Al llegar la invasión francesa, Juan Bustos comenzó a discutir y a
disputar con los soldados imperiales que pasaban por su venta
acerca de la cuestión candente de quién era el verdadero rey de
España.
Poco a poco empezaron a motejarle de patriota, y como los
franceses a todo el que se les manifestaba hostil le llamaban
bandido, brigand, a Bustos le decían el Brigand.
El pueblo, que coge todo en seguida, castellanizó la palabra: llamó
a Bustos el Brigante, y a su casa la venta o el ventorro del Brigante.
Un día en que no estaba él, entró en su casa un pelotón de
franceses; mataron a su padre y violaron a su hermana.
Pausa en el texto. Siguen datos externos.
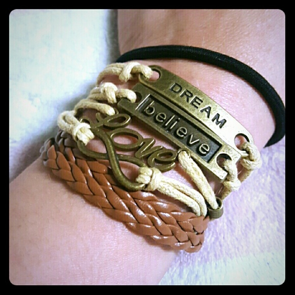 NWOT Leather Infinite Bracelet Love Believe Dream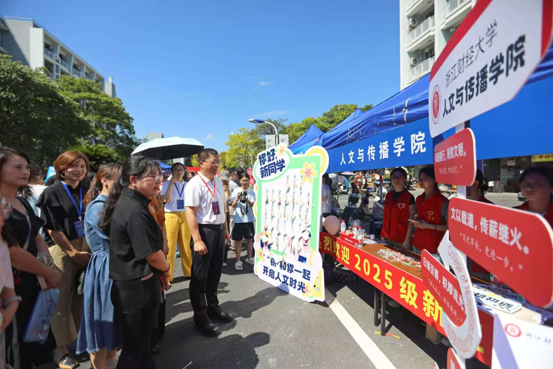 “同学,你是哪个专业的?”“报到还顺利吗?”魏江书记微笑着与新生及志愿者们交流,关心大家的专业选择与初入校园的感受。听到在场同学来自汉语言文学和新闻与传播学专业,他亲切地分享起自己大学时期担任学生记者、通过写作自食其力的经历,并勉励同学们:“文学是一辈子的内在美。” 他希望大家无论未来走向何种岗位,都要始终保持对文字的热爱,在文学的滋养中沉淀自我,让生命因读写而更加丰盈、温暖、有意义。

Juan Bustos, al llegar a su hogar y ver aquel cuadro, el padre
muerto, la hermana gimiendo, salió como un león a buscar a los
franceses, arrancó a uno de ellos el fusil, y, manejándolo como una
maza, tendió a tres o cuatro; y luego, abriéndose paso por entre
ellos, herido y lleno de sangre, se refugió en un pinar, donde se
reunió con Merino.
El cura era astuto; el Brigante, esforzado y audaz. Los dos se
hubieran podido completar; pero Merino no quería rivales.